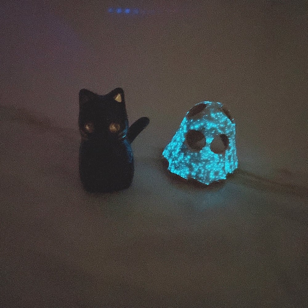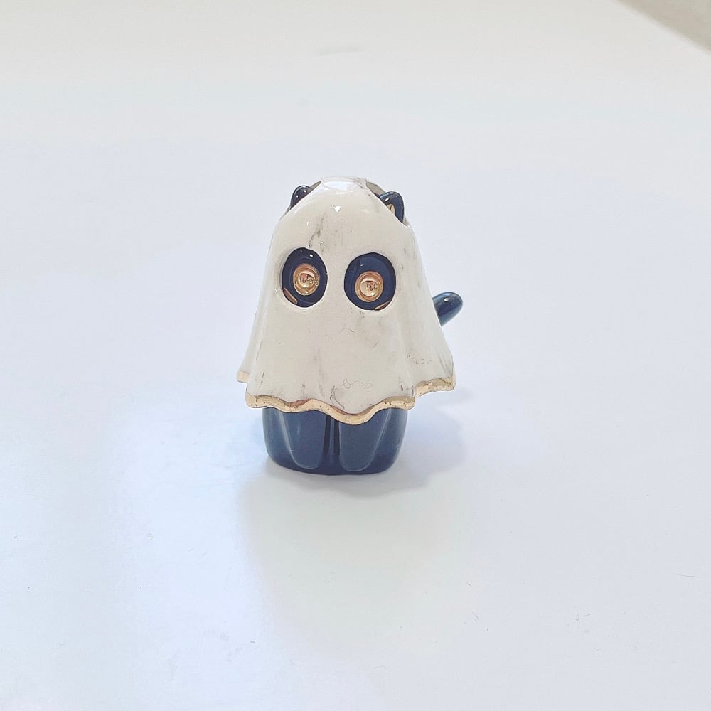 Black cat is made of low fire earthen clay and glow in dark glaze for ceramic. This cat ghost mask surface has bumpy texture naturally because of the glow in dark special mix glaze. Recharge glow in dark under the sun for 40 mins or under UV lamp for 10 mins. Glow light can only hold for 15-20 mins. In order to achieve the final looking pieces, I put a lot of time and care into sculpting, glazing, and firing my pieces at the right temperature. Delicate 22k gold details are painted by hand in these pieces for elegant and shiny looking.
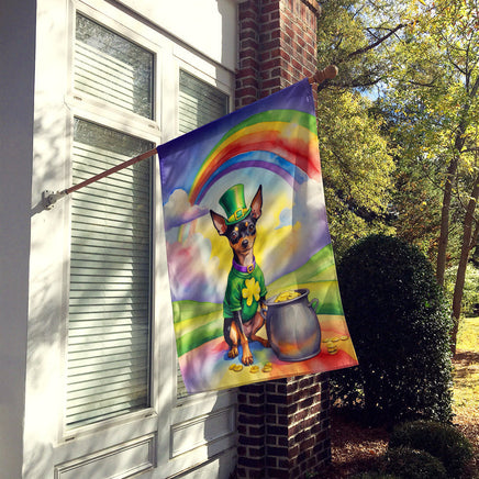 Decorate your space with Caroline's Treasures St Patrick's Day Miniature Pinscher artwork on a Large Flag. Presenting Caroline's Treasures Heavy Duty Polyester House Size Decorative Sleeve Pole Flag, a vibrant addition to enhance the aesthetic appeal of your home. This large decorative flag, measuring approximately 28 x 40 inches, offers ample coverage and visibility. Each flag is meticulously sewn and made individually, ensuring a unique piece that may slightly vary in size. It's a sleeve pole flag, designed to fit a standard decorative flag pole effortlessly. Please note that the flag pole and bracket are not included and should be purchased separately. What sets Caroline's Treasures flag apart is its dual-sided print. The design is mirrored on both sides of the fabric, allowing for uniform visibility regardless of the angle. To ensure lasting vibrancy and durability, the dyes are heat-set into the fabric. This ensures your flag remains bright and captivating through various weather conditions. Elevate the look of your home with Caroline's Treasures Heavy Duty Polyester House Size Decorative Sleeve Pole Flag!
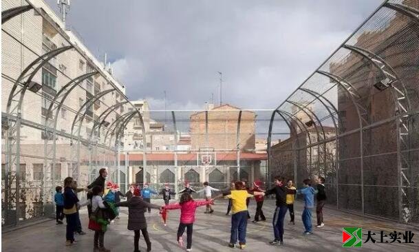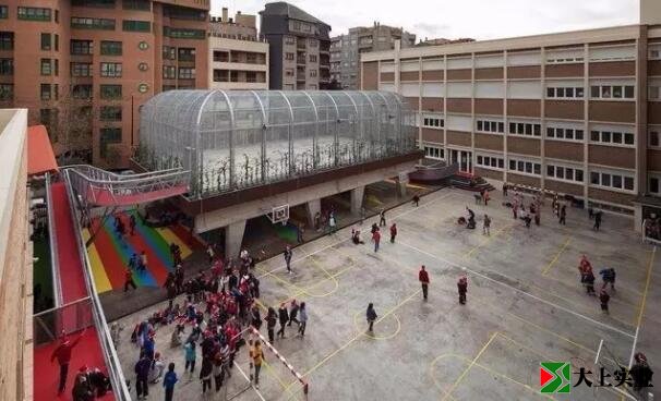 Lasalle Franciscanas學校位于西班牙Zaragoza,其操場經(jīng)常用于學生的課間娛樂,課外活動以及孩子們與家長間接送的集散空間。于是常常造成使用上的重圖,進出校門的人群與操場上正在活動的學生間的相互干擾。于是當?shù)豃1 arquitectos 事務所的建筑師Guzman de Yarza Blache被委以此任,要求在擴大33*35米操場的使用面積的同時,在不影響學校日常體育和休閑活動的前提下,滿足接送家長人員流動的需求。
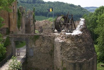 Toeristisch nagebouwde tredmolen- kon 3000 kg hijsen. Deze kraan werd meestal bediend door één of twee vrouwen of twee kinderen. Soms deden ook gehandicapte mannen - die echter nog over hun twee benen en hun volledige loopvermogen beschikten - dit werk. Door het verliezen van (het gebruik van) hun arm(en) of hand(en) veloren zij ook hun werk en dus hun inkomsten, maar dankzij dit soort raderen konden zij (gedeeltelijk) verder voorzien in hun levensonderhoud.

ASSIGNMENT
Word for word, print the material above, but without its pictures.

ANSWER TO THIS PROBLEM
 Black cat is made of low fire earthen clay and glow in dark glaze for ceramic. This cat ghost mask surface has bumpy texture naturally because of the glow in dark special mix glaze. Recharge glow in dark under the sun for 40 mins or under UV lamp for 10 mins. Glow light can only hold for 15-20 mins. In order to achieve the final looking pieces, I put a lot of time and care into sculpting, glazing, and firing my pieces at the right temperature. Delicate 22k gold details are painted by hand in these pieces for elegant and shiny looking.
 Decorate your space with Caroline's Treasures St Patrick's Day Miniature Pinscher artwork on a Large Flag. Presenting Caroline's Treasures Heavy Duty Polyester House Size Decorative Sleeve Pole Flag, a vibrant addition to enhance the aesthetic appeal of your home. This large decorative flag, measuring approximately 28 x 40 inches, offers ample coverage and visibility. Each flag is meticulously sewn and made individually, ensuring a unique piece that may slightly vary in size. It's a sleeve pole flag, designed to fit a standard decorative flag pole effortlessly. Please note that the flag pole and bracket are not included and should be purchased separately. What sets Caroline's Treasures flag apart is its dual-sided print. The design is mirrored on both sides of the fabric, allowing for uniform visibility regardless of the angle. To ensure lasting vibrancy and durability, the dyes are heat-set into the fabric. This ensures your flag remains bright and captivating through various weather conditions. Elevate the look of your home with Caroline's Treasures Heavy Duty Polyester House Size Decorative Sleeve Pole Flag!
 Lasalle Franciscanas學校位于西班牙Zaragoza,其操場經(jīng)常用于學生的課間娛樂,課外活動以及孩子們與家長間接送的集散空間。于是常常造成使用上的重圖,進出校門的人群與操場上正在活動的學生間的相互干擾。于是當?shù)豃1 arquitectos 事務所的建筑師Guzman de Yarza Blache被委以此任,要求在擴大33*35米操場的使用面積的同時,在不影響學校日常體育和休閑活動的前提下,滿足接送家長人員流動的需求。
 Toeristisch nagebouwde tredmolen- kon 3000 kg hijsen. Deze kraan werd meestal bediend door één of twee vrouwen of twee kinderen. Soms deden ook gehandicapte mannen - die echter nog over hun twee benen en hun volledige loopvermogen beschikten - dit werk. Door het verliezen van (het gebruik van) hun arm(en) of hand(en) veloren zij ook hun werk en dus hun inkomsten, maar dankzij dit soort raderen konden zij (gedeeltelijk) verder voorzien in hun levensonderhoud.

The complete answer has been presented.